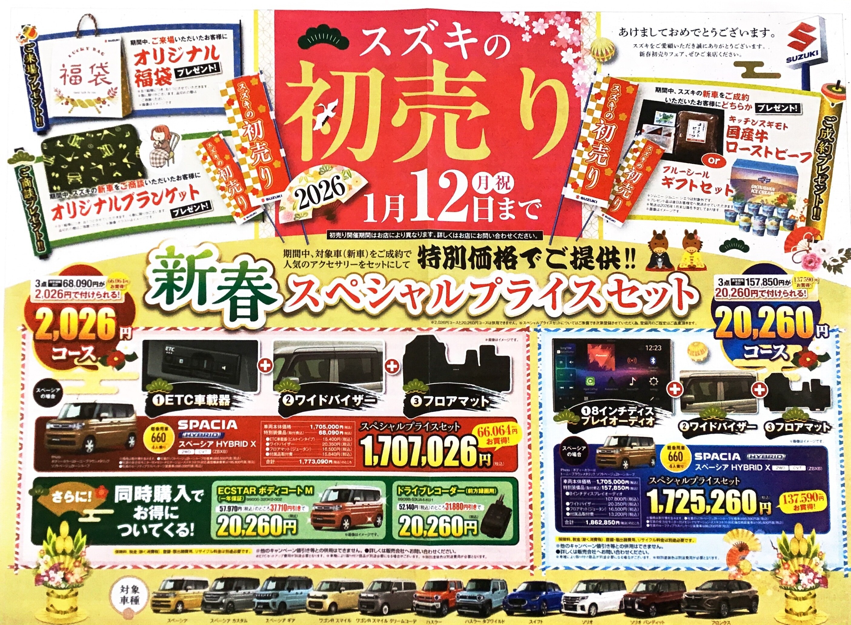 1月4日(日)より1月12日(月・祝)まで「スズキの初売り」を開催いたします
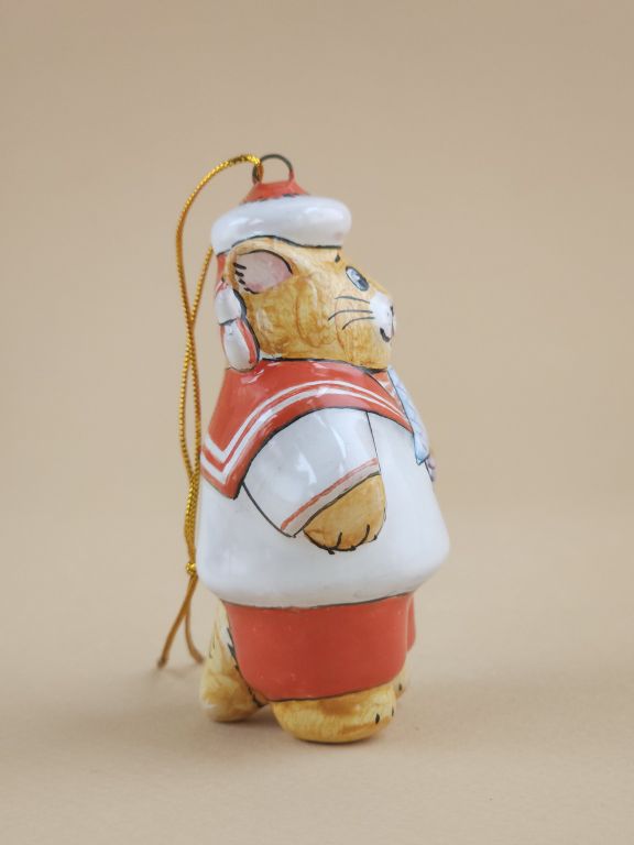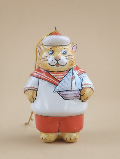 Котик с корабликом - яркая красивая ёлочная игрушка.
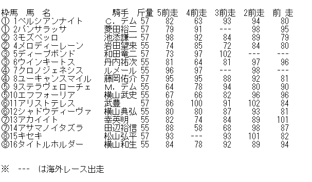 12 | シャドウディーヴァ | 62 | 55 | 61 | 69 | 70 | 当日 | 14 |

* _THE TASK_
Leaving out all pictures, transcribe the listing exactly.

* _EXERCISE OUTPUT_
 1月4日(日)より1月12日(月・祝)まで「スズキの初売り」を開催いたします
 Котик с корабликом - яркая красивая ёлочная игрушка.
 12 | シャドウディーヴァ | 62 | 55 | 61 | 69 | 70 | 当日 | 14 |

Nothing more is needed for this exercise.